Written by Rachel I. Stott, MDiv

“Hope” is the thing with feathers –
That perches in the soul –
And sings the tune without the words –
And never stops – at all –
And sweetest – in the Gale – is heard –
And sore must be the storm –
That could abash the little Bird
That kept so many warm –
I’ve heard it in the chillest land –
And on the strangest Sea –
Yet – never – in Extremity,
It asked a crumb – of me.

The above poem came to mind as I prayed about the Santa Fe shooting. I was weary to my bones. At times, I felt there is no hope. But as I looked up the poem and re-read it, Dickinson’s words reminded me: Hope is sweetest in the storm. The storm rages and the song grows stronger never ceases even as the conditions get worse.

The lesson to see the hope amid destruction is at the very heart of the Christian story. The central symbol of Christianity, the cross, is a symbol of hope. While Jesus’ body was violently bloodied, broken, and hung from wooden beams, we know it is not the end of the story. The Resurrection is. Though the storm may rage, we need to lift our eyes and hearts to see the hope that is ever constant.

Individual feathers are strong but unable to fly. The coordinated efforts of the many features of the bird, feathers included, achieve one of the most wondrous events: flight. Gravity, a very powerful force, is overcome. We are not able to soar without each other and without the help of the Holy Spirit, who is often imaged as a dove.

This 9-Day Prayer/Novena grew out of a sense of sadness, horror, and frustration at the gun violence in our society. Coming together to pray is, in my opinion, one of the most important things we can do when faced with seemingly insurmountable obstacles. We help each to see the hope, the listen to the song, to notice what is holy.

Dickinson closes the poem saying that Hope never asks a crumb of her. Here, I disagree a bit. I believe that the God is asking something of us: to notice the good. We have a role to play in the unfolding of history. We are called to see and honor what is good and holy; not just see the evil. Becoming paralyzed by evil is tantamount to letting it win. Evil is, a very powerful force, but it can be overcome.

How can we train ourselves to see God in all things, including horrible situations? How do you train for most things? You practice. Just as you exercise your muscles to become strong, you can exercise your spirit to become attentive. This life-changing insight comes from the masterpiece St. Ignatius of Loyola gave the world 450 years ago: The Spiritual Exercises.

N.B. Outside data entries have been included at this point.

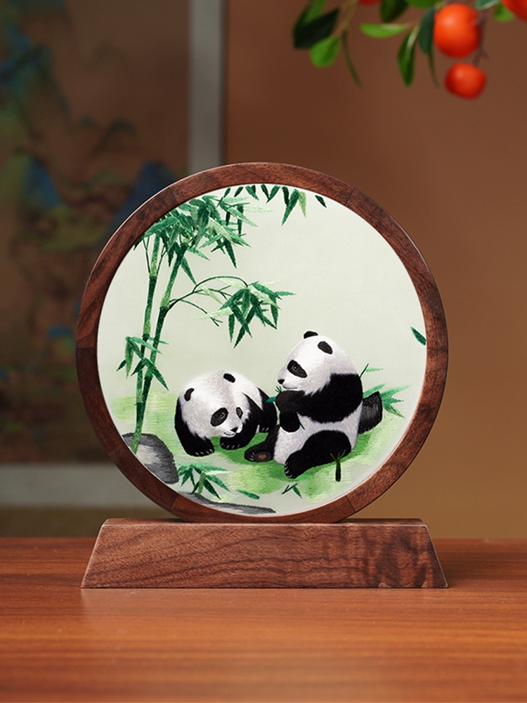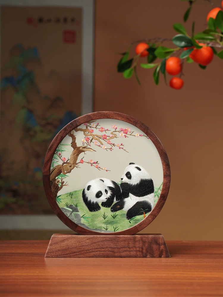 Suzhou embroidery double-sided embroidery ornaments embroidered panda table Shu embroidery Chinese characteristics souvenirs for foreigners
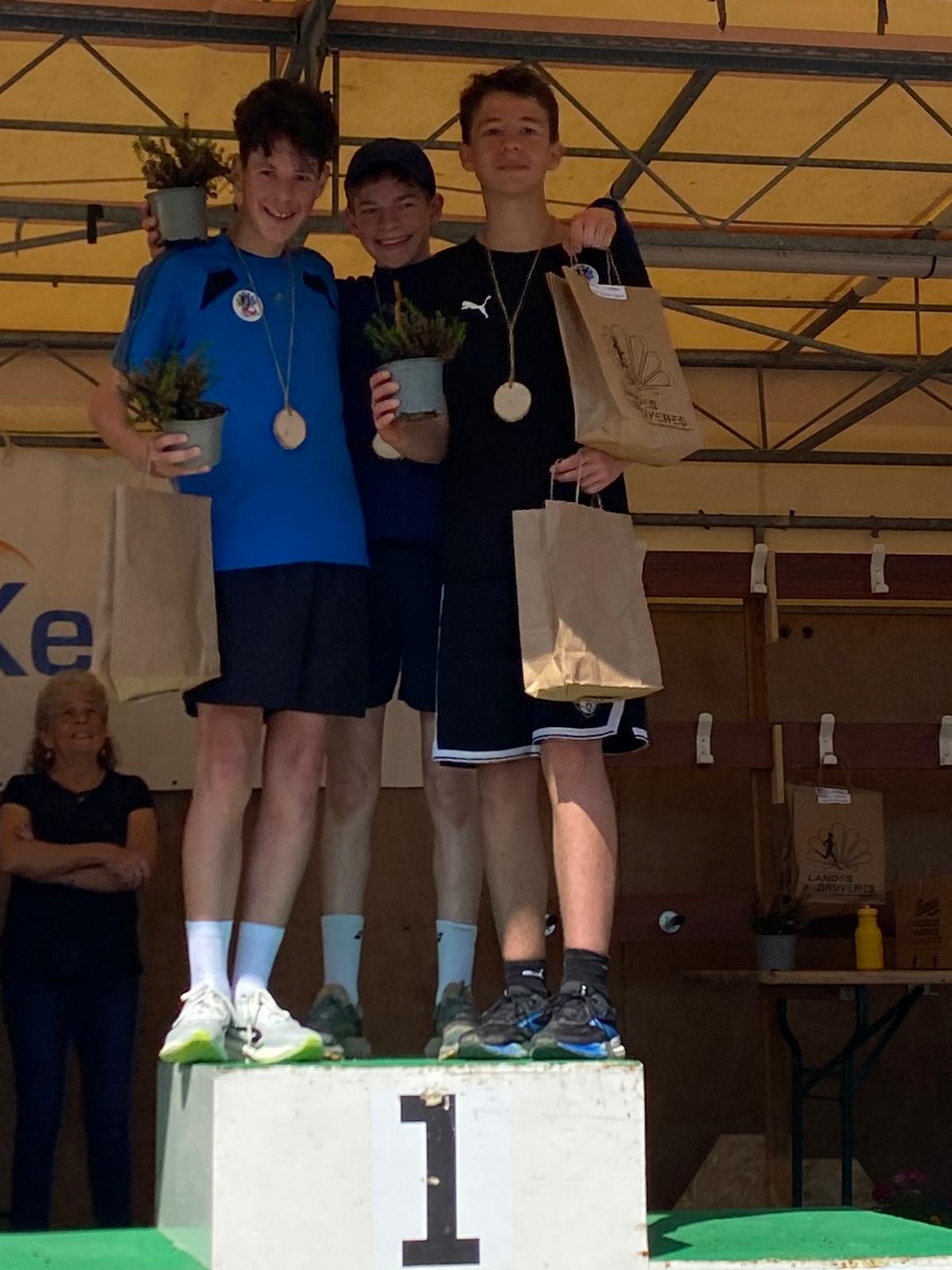 Un grand bravo à Martin et Alexandre, élèves de 3es au collège, d’avoir réussi à se hisser sur le podium de la course de Landes et Bruyères 2025.
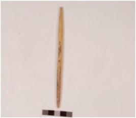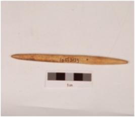 | Description / विवरण | A knitter on bone, tapering towards both ends, circular in cross section, polished surface and tip partly broken. |
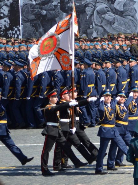 Вместе с ребятами из Тверского суворовского по Красной площади 9 мая прошли еще суворовцы Москвы, та также нахимовцы. Один строй курсантов называется «коробкой» и в нем идут ровно 120 человек, ни больше, ни меньше. Илья шел правофланговым знаменной группы. Он продолжает:
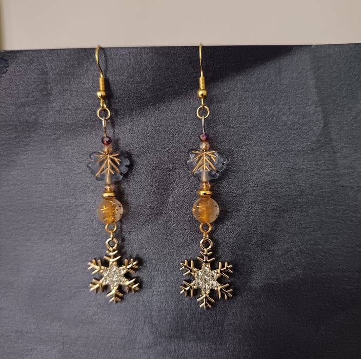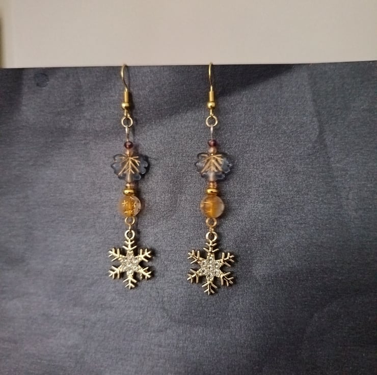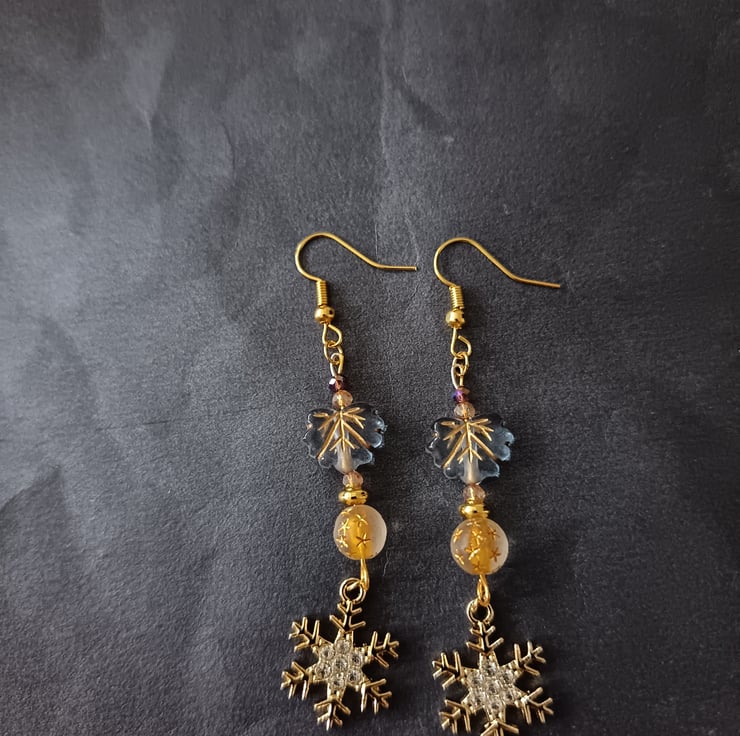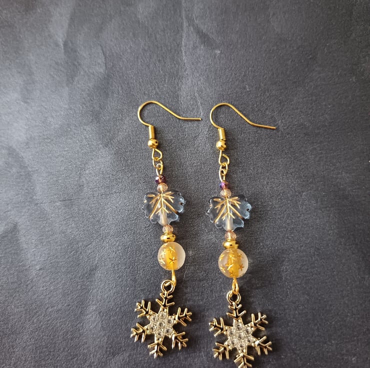 These handmade earrings are crafted with gold coloured stainless steel hooks, gold snowflake charms with diamante detail, frosted glass beads with gold star detail, blue glass leaf beads and small glass beads in pale yellow and purple.
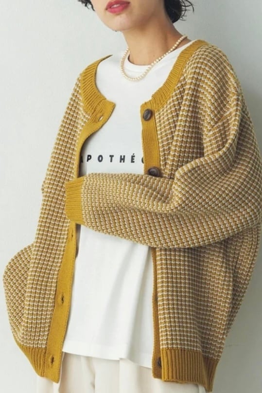 配色ニットカーディガン Yellow

While there much to be said about Spiritual Exercises, below I will offer an adaptation of a critical part of Ignatian spirituality: the Examen. The Examen is a daily exercise that St. Ignatius thought so critical that he counseled that The Examen be the one prayer prayed if only one can be done in a day. (You can also do it more than once a day!)

There are many adaptations; the following is one I modified because I wanted to add names to help us relate to our ineffable God. I encourage you to write your own! Simply follow the fivefold pattern.

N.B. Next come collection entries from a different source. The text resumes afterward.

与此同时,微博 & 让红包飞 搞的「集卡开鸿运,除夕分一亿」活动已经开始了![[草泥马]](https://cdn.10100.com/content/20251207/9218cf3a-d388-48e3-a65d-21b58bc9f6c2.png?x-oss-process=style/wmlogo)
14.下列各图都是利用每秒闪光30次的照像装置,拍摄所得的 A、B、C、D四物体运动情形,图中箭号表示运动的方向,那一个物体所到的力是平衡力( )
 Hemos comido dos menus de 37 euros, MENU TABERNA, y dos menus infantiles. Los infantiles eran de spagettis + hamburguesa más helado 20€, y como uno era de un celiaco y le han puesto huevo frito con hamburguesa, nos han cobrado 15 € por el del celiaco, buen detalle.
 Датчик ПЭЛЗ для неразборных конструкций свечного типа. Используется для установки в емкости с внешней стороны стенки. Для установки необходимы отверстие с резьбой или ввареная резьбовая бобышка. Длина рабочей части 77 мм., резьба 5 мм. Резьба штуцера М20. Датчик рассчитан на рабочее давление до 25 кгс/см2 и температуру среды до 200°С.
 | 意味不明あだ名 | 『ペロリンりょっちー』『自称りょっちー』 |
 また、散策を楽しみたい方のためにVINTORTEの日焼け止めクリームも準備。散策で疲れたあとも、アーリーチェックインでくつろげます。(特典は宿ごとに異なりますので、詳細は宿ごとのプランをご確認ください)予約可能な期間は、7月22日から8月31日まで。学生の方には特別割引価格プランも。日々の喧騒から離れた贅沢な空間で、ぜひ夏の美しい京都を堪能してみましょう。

The simple, nutshell instructions are:

  1. Go to the same place each time to pray. Creating a simple space to pray is as easy as sitting in the same chair when it’s time to pray. You can certainly elaborate. (It’s kind of fun actually!)
  2. Make some gesture to mark the beginning of this prayer time, such as the sign of the cross, a bow, light candle, etc.
  3. Reflect upon the day with the intention to seek the good-the holy-the things for which we are grateful, as well as the times we need to ask for forgiveness.

Train yourself to see both. For both good and evil exist, yet we believe that good overcame evil in the life, death, and resurrection of Jesus Christ. Let the Holy Spirit aid you in seeking her presence in the here and now.

by Rachel Stott, MDiv

Loving God, I place myself in your presence. Open my heart. Help me rest in your embrace as I review the day, noticing its blessings and opportunities for growth.


Creator God, help me see that all is gift from you, myself included. Today, for what am I most grateful?


Gentle God, open may eyes and heart to be more honest with myself. Where did I embrace your love today? Where did I move away from it?


Compassionate God, I ask forgiveness for the wrongs I did today. Help me heal the hurts.

Faithful God, help me make choices to live deeply in your love, comforted that you will always be by my side.